> WHAT YOU ARE ASKED TO DO
Nothing but the records, transcribed verbatim and stripped of images, should appear in the answer.

Excerpts from a dataset:
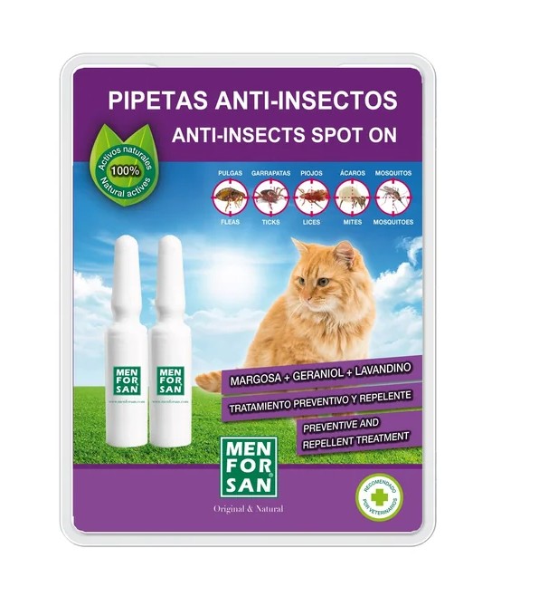 • Menforsan Přírodní repelentní šampon je účinným bojovníkem proti komárům, blechám, klíšťatům, roztočům, vším a štěnicím. Parazity dokáže odstranit během mytí srsti. Obsažený přírodní extrakt z citronely navíc působí jako přirozený insekticid a poskytne kočičímu kožíšku po koupeli repelentní
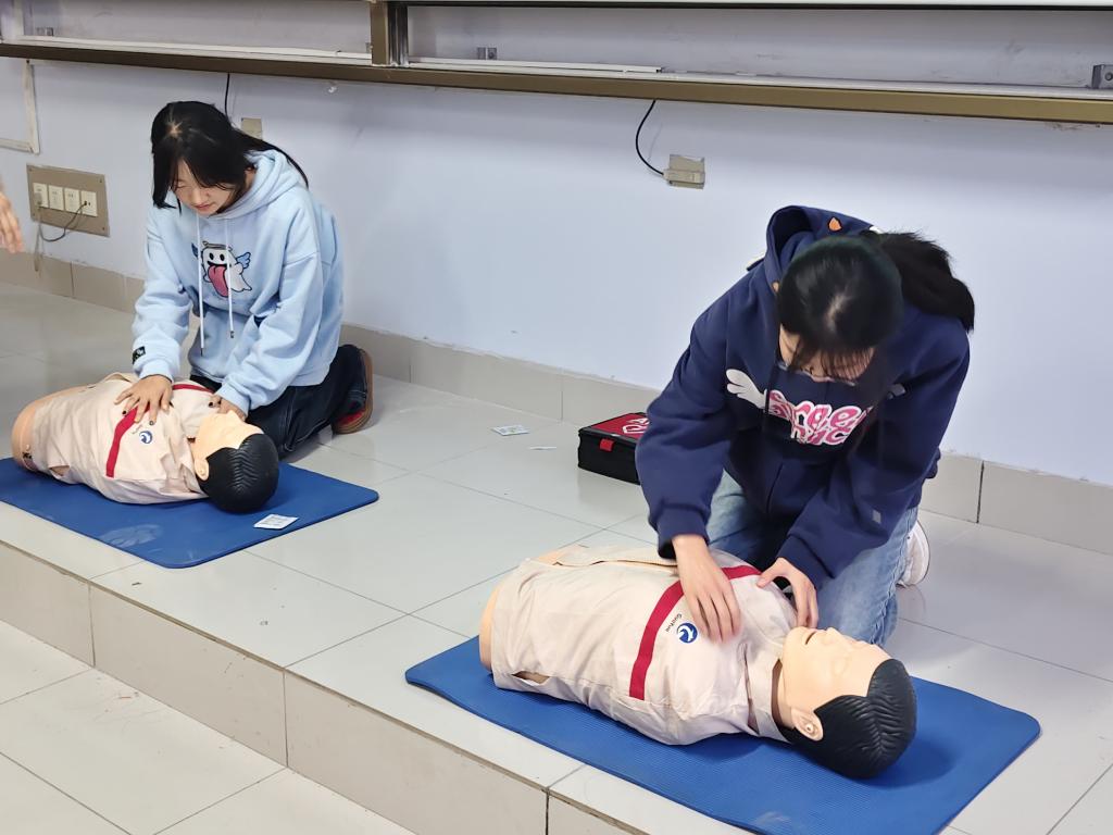 本次培训采用“理论传授+实操练习”的双线模式展开。专业人员依托真实案例,系统讲解了心肺复苏、海姆立克急救法及AED使用等核心急救知识,并着重阐述了“黄金四分钟”这一挽救生命的关键概念,强化同学们的急救意识。在实操环节,专业人员借助模拟人体教具,现场演示心肺复苏的标准流程,详细讲解按压部位、频率、深度及人工呼吸配合要领。同学们踊跃参与练习,在一对一专业指导下反复打磨动作、纠正偏差,切实将理论知识转化为应急实战能力。
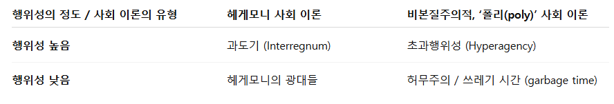 과도기(Interregnum): 기존 질서가 붕괴하고 새로운 질서가 아직 등장하지 않은 과도기 /초과행위성(Hyperagency): 통제 불가능한 과도한 행위성, 모든 것이 특정 행위자에게 집중되는 상태/허무주의, 쓰레기 시간(garbage time): 의미 없는 시간, 질서나 구조가 무너진 상태(스포츠에서 유래된 용어)
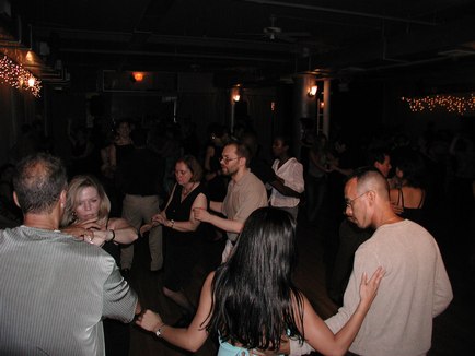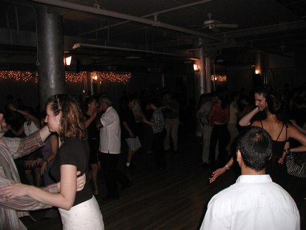 Friday August 16, 2002, Stepping Out Studios held their first ever Salsa party with a live band. The band, Mo' Guajiro, was fabulous. The dance floor was packed. As the pictures below attest, every one had a great time. Stepping Out is currently planning on holding this sort of a party about once per month. Keep your eye on their website for future event announcements.
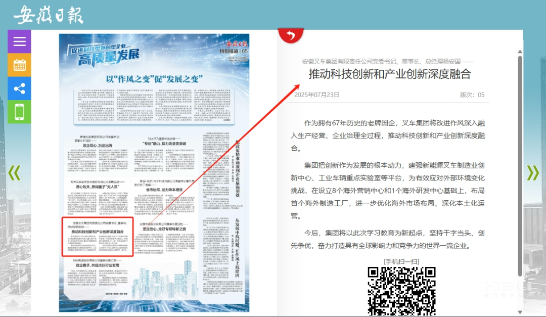 在此次备受瞩目的大会上,奇瑞控股、科大讯飞等 8 家行业领军企业及合肥市、芜湖市代表纷纷登台,分享各自的宝贵经验,共同描绘未来发展蓝图。安徽叉车集团党委书记、董事长、总经理杨安国作为国企代表,其发言更是引发了媒体的广泛关注。
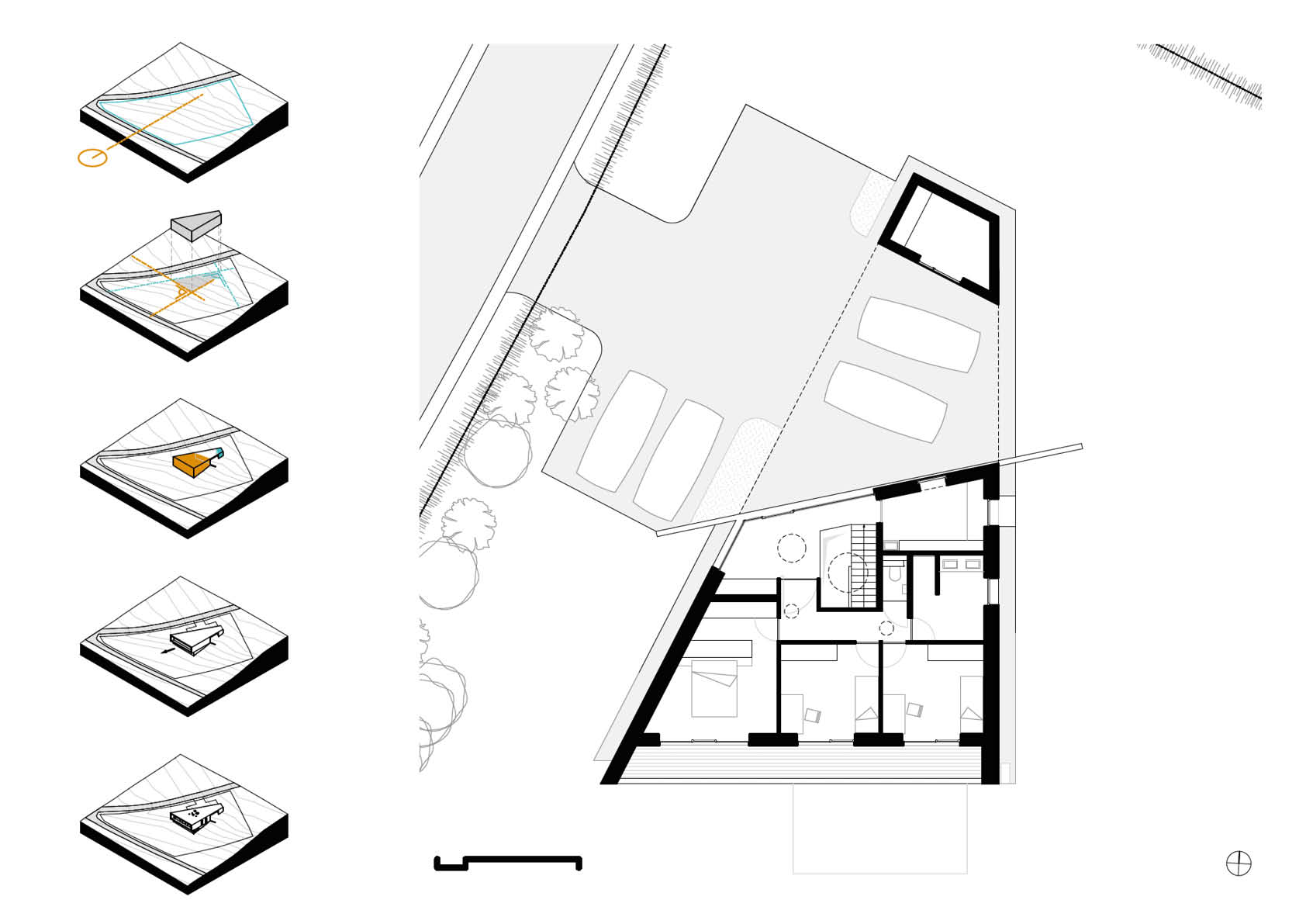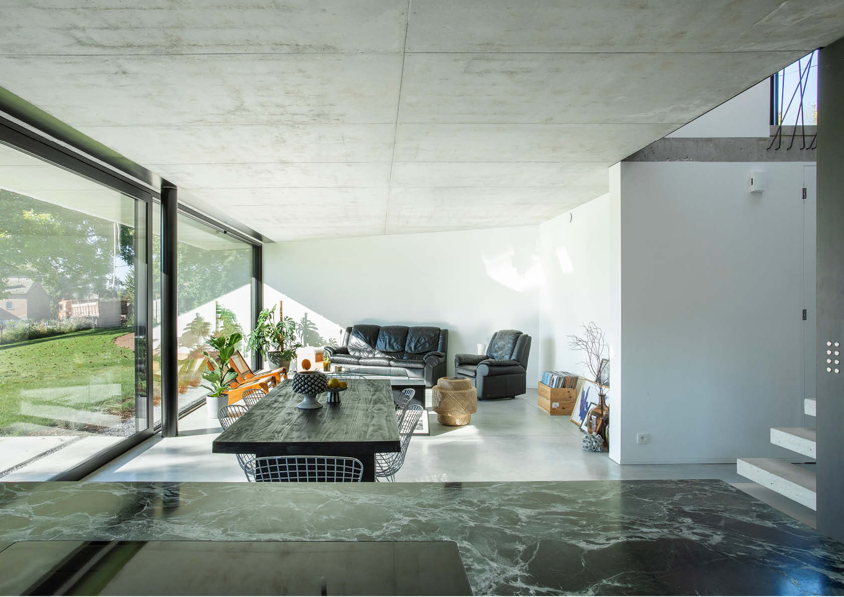Les maîtres d’ouvrage de cette maison, passionnés d’architecture, ont décidé d’allier béton et acier corten, pour des raisons pratiques comme esthétiques. L’élément porteur de la structure est un voile de béton de 6 mètres de haut, coulé sur place et laissé apparent pour un style délibérément brut. Les murs et les plafonds sont conçus en dalles de béton coffrées et la dalle de sol est en béton lissé à l’hélicoptère.

> REPLY TO THE EXERCISE
 • Menforsan Přírodní repelentní šampon je účinným bojovníkem proti komárům, blechám, klíšťatům, roztočům, vším a štěnicím. Parazity dokáže odstranit během mytí srsti. Obsažený přírodní extrakt z citronely navíc působí jako přirozený insekticid a poskytne kočičímu kožíšku po koupeli repelentní
 本次培训采用“理论传授+实操练习”的双线模式展开。专业人员依托真实案例,系统讲解了心肺复苏、海姆立克急救法及AED使用等核心急救知识,并着重阐述了“黄金四分钟”这一挽救生命的关键概念,强化同学们的急救意识。在实操环节,专业人员借助模拟人体教具,现场演示心肺复苏的标准流程,详细讲解按压部位、频率、深度及人工呼吸配合要领。同学们踊跃参与练习,在一对一专业指导下反复打磨动作、纠正偏差,切实将理论知识转化为应急实战能力。
 과도기(Interregnum): 기존 질서가 붕괴하고 새로운 질서가 아직 등장하지 않은 과도기 /초과행위성(Hyperagency): 통제 불가능한 과도한 행위성, 모든 것이 특정 행위자에게 집중되는 상태/허무주의, 쓰레기 시간(garbage time): 의미 없는 시간, 질서나 구조가 무너진 상태(스포츠에서 유래된 용어)
 Friday August 16, 2002, Stepping Out Studios held their first ever Salsa party with a live band. The band, Mo' Guajiro, was fabulous. The dance floor was packed. As the pictures below attest, every one had a great time. Stepping Out is currently planning on holding this sort of a party about once per month. Keep your eye on their website for future event announcements.
 在此次备受瞩目的大会上,奇瑞控股、科大讯飞等 8 家行业领军企业及合肥市、芜湖市代表纷纷登台,分享各自的宝贵经验,共同描绘未来发展蓝图。安徽叉车集团党委书记、董事长、总经理杨安国作为国企代表,其发言更是引发了媒体的广泛关注。
Les maîtres d’ouvrage de cette maison, passionnés d’architecture, ont décidé d’allier béton et acier corten, pour des raisons pratiques comme esthétiques. L’élément porteur de la structure est un voile de béton de 6 mètres de haut, coulé sur place et laissé apparent pour un style délibérément brut. Les murs et les plafonds sont conçus en dalles de béton coffrées et la dalle de sol est en béton lissé à l’hélicoptère.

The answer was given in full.